Я повернулась к столу. Повинуясь какому-то порыву, сняла с пальца перстень и положила рядом с зеркалом. Вряд ли кто посмеет его украсть. А если посмеет – руки выдерну. А затем – больной зуб надо рвать, а гнойник отсекать – схватила «Хронику… «, засунула ее за пояс, и двинулась за Ренхидом.

Раньше Тальви сам приходил ко мне. Теперь решил не утруждаться. И раньше он все же давал мне короткую передышку. Теперь с этим было покончено. А что? Получил какое-то срочное известие и – вперед, подруга! Правда, зайти к нему он велел до того, как разобрал почту. Но вероятно, он этого известия ждал. Может, и помыться не успею. Это жаль. А ваши омлеты кушайте сами.

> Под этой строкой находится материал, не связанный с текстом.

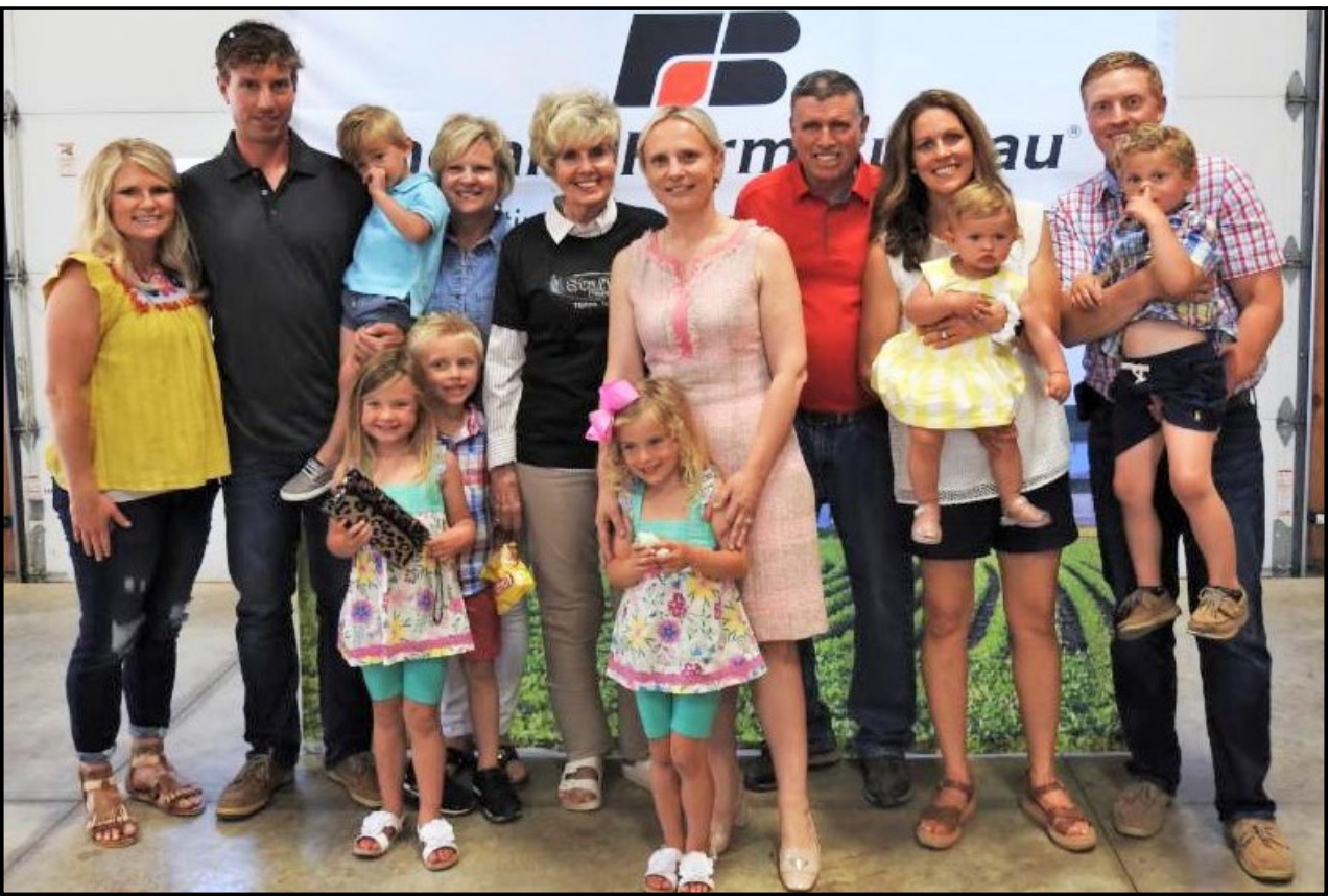
Rep. Spartz visits with representatives from Stafford Farms, a fourth-generation farming operation that produces corn, soybeans, wheat, contract seed corn, and contract seed beans across four Indiana counties. They also run a hog operation at their Tipton location.

Ренхид погремел бронзовым кольцом, вделанным в ручку тяжелой дубовой двери, открыл и отступил в сторону, пропуская меня. Я ступила через порог, предполагая сразу увидеть Тальви. Но не увидела. Уже стемнело, и, хотя в комнате горели свечи, Тальви удалось заметить не вдруг. Он стоял в самом темном углу кабинета. Потому как это был кабинет и ничто иное. Стены, обитые кожей тонкой выделки с серебряным тиснением до резных дубовых панелей. Вся мебель в комнате – книжные полки, шкафы, секретер, кресло с высокой спинкой – была из черного дерева. И большой письменный стол – тоже. Ни картин, ни статуй, ни трофеев войны и охоты. Штофные занавеси были задернуты неплотно, и сквозняк колебал пламя свечей в серебряных шандалах, тяжелых, старомодных.

Тальви стоял между конторкой и секретером, его лицо было скрыто в тени.

– Кстати, – сказала я от порога нахально-бодряческим голосом, – я все время забываю вернуть тебе книгу… – и вытащила «Хронику… «.

– Положи на стол, – отозвался он. Я повернулась к столу. Там стояла костяная шкатулка, лежали бумаги, еще какие-то безделушки…

У меня внезапно закружилась голова. И все поплыло перед глазами. Я помнила это ощущение, там, на площади… И попыталась отвернуться.

Не смогла.

Я сделала шаг. Другой.

Это были не бумаги, а листы пергамента, исчерканного словами на непонятном мне языке. А может, это был шифр. Истинные сокровища Севера… Поверх серебрилась цепь с крупным синим восьмиугольным камнем диковинной огранки. Четыре металлических цилиндра (какой-то сплав? ) разной длины и толщины, однако способные все вместе уместиться на моей ладони. И еще резная фигурка с мизинец вышиной – то ли кошка, то ли лиса. Забавная такая зверушка. Если не смотреть на ее морду. Иначе подобный оскал мог бы и напугать.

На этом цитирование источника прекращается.